Da Bolzano a Roma, nella capitale, insieme con altri reduci, fu portato a far visita a Umberto, regnante d'Italia, (figlio dell'ex Re Vittorio Emanuele III) e dal papa Pio XII (Eugenio Pacelli, 1876/1958), di fronte al quale mostrò la pagnotta di pane che aveva ricevuto dai russi per il viaggio in patria, al che Sua Santità, rivolto alle autorità italiane presenti, disse loro: "Aiutateli!". Rivide la città natia, il giorno dopo.
Abile pittore (imbianchino, parati e affini), grosso personaggio della Torre del Greco che non c'è più, giocherellone dalla facile barzelletta, ben riusciva a sdrammatizzare gli eventi della vita; buon giocatore di biliardo, frequentava la sala interna del bar Di Rosa e l'ex Circolo degli Amici; grosso appassionato e tifoso della squadra "corallina", si senti male durante una gara interna della Turris sulla tribuna del vetusto "A. Liguori" nel 1980; era di casa nelle sedi della Polisportiva Turris; buon conoscitore e "fans" di films ed attori americani.
Di lui, tutti serbano un ottimo scordo, e, quando arrivava "Ncap a Torre", era sempre una festa;  amò con passione paterna le figlie Lucia e Carmela ed il figlio Peppe che vive a Seattle (Washington).
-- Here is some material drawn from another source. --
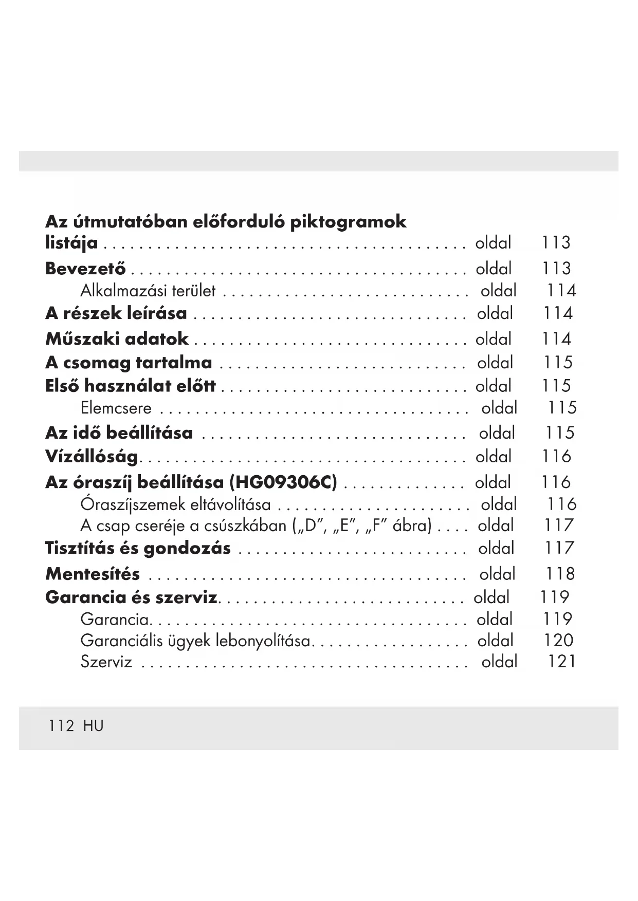 Alsó fedél (HG09306C)115 HU Műszaki adatok Elem: 1 x 1,5 V Gombelem (SR626SW típus) A csomag tartalma A kicsomagolást követően azonnal ellenőrizze a tételek hiánytalan meglétét, illetve a termék és alkatrészei épségét. 1 db. karóra 1 db. elem (beszerelve) 1 db. készlet használati útmutató 2 db. tartalék cserélhető szem (HG09306C) 1 db.javítókészlet (HG09306C) Első használat előtt Távolítsa el az összes csomagolóanyagot a termékről. Elemcsere Megjegyzés: Az elemeket szaküzletben cseréltesse ki.116 HU Az idő beállítása

Un omaggevole ricordo va anche agli altri, fratelli: Luigi (1914/1941); studente universitario, iscritto al G.U.F impiegato al Comune di Torre del Greco, addetto al rilascio delle "tessere annonarie"; Antonio (1916/1993), militare in Marina, campagna di Spagna, richiamato; capo squadra imbianchini dell'Ufficio tecnico comunale, gran simpaticone e dallo scherzo facile; Giuseppe (1920/1941), deceduto a bordo del sommergibile "Salpa" della Marina Militare Italiana, a largo di Tobruck (Libia) a seguito di affondamento; Raffaele, il più grande, trasferitosi in America nel 1922; Salvatore bravo incisore (deceduto).
Spesso il coriaceo "pittore" era solito, soffermandosi sulle vicende del secondo conflitto mondiale che lo ha visto protagonista "dal vivo", affermare, a mo' di ferma condanna: "In guerra non c'è religione, in guerra assassini di quà, assassini di là... è una cosa terribile! La guerra è l 'animale più brutto del mondo... tu non sei niente!"